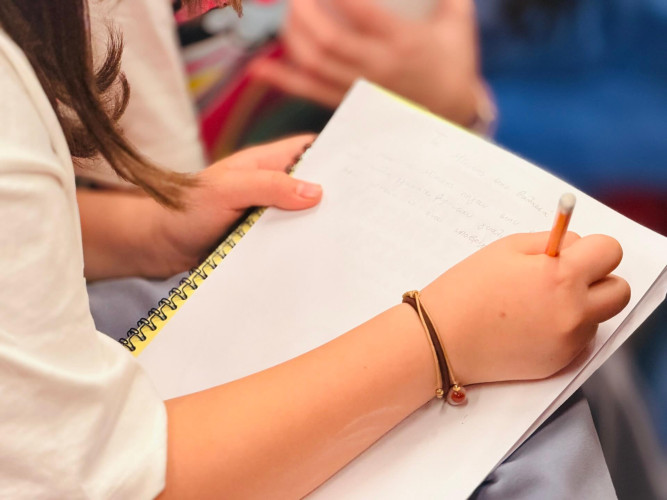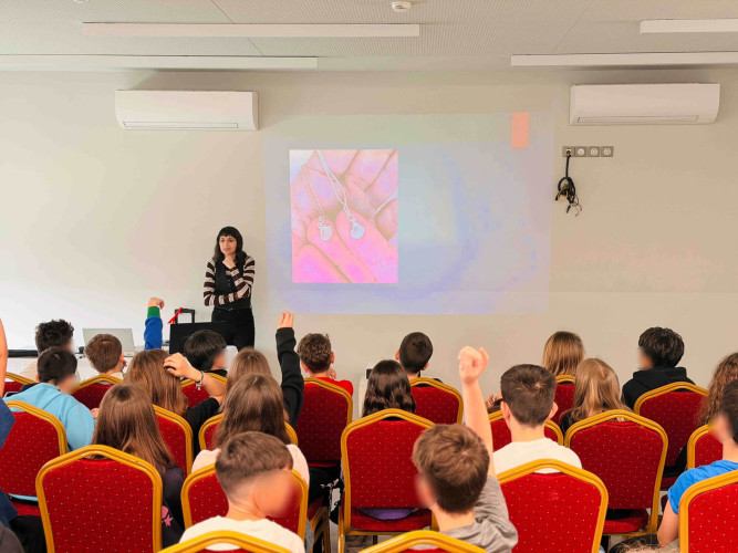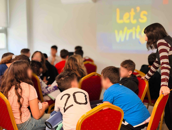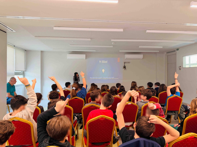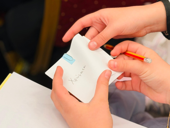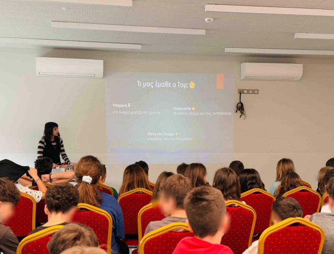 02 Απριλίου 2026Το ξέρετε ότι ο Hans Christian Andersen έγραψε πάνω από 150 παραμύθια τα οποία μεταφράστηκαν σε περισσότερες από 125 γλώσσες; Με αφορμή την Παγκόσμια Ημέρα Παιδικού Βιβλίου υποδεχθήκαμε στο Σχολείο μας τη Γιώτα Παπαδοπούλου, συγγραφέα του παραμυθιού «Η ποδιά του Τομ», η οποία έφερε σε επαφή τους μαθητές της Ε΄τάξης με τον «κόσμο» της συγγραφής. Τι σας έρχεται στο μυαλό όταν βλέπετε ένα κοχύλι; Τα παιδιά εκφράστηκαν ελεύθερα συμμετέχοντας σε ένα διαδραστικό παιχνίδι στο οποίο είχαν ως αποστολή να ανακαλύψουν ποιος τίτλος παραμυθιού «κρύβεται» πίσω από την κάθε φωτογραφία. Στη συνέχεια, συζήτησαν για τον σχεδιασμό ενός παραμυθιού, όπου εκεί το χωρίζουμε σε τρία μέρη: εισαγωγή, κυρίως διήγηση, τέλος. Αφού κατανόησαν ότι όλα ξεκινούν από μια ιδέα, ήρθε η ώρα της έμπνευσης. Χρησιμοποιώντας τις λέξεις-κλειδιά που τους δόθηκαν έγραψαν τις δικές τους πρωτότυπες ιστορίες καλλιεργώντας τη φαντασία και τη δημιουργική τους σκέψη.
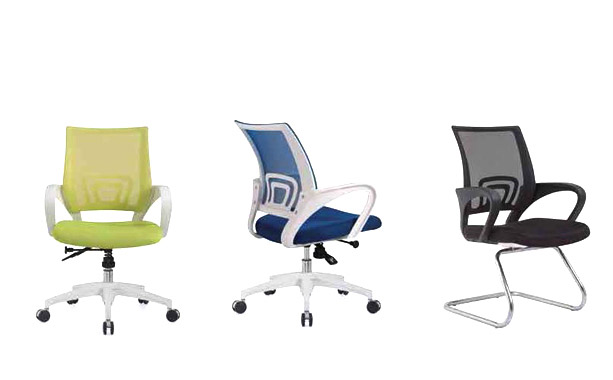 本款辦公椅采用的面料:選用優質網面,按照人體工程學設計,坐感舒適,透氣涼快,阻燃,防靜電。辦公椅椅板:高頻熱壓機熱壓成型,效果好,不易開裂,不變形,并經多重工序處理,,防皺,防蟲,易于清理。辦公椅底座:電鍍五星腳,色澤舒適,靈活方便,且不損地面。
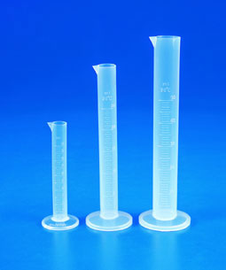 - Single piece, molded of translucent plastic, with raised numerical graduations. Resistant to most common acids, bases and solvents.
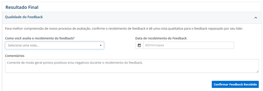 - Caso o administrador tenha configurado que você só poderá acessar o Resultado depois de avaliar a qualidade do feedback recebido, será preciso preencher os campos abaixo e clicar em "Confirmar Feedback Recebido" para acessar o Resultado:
◇ ◇ ◇ ◇ ◇ ◇ ◇
#### Requirement:
Lines from the one holding "- Single piece, molded" to the end of the data, both ends included, are to be given again exactly; no pictures belong in the copy.

#### Exercise result:
 - Single piece, molded of translucent plastic, with raised numerical graduations. Resistant to most common acids, bases and solvents.
 - Caso o administrador tenha configurado que você só poderá acessar o Resultado depois de avaliar a qualidade do feedback recebido, será preciso preencher os campos abaixo e clicar em "Confirmar Feedback Recebido" para acessar o Resultado:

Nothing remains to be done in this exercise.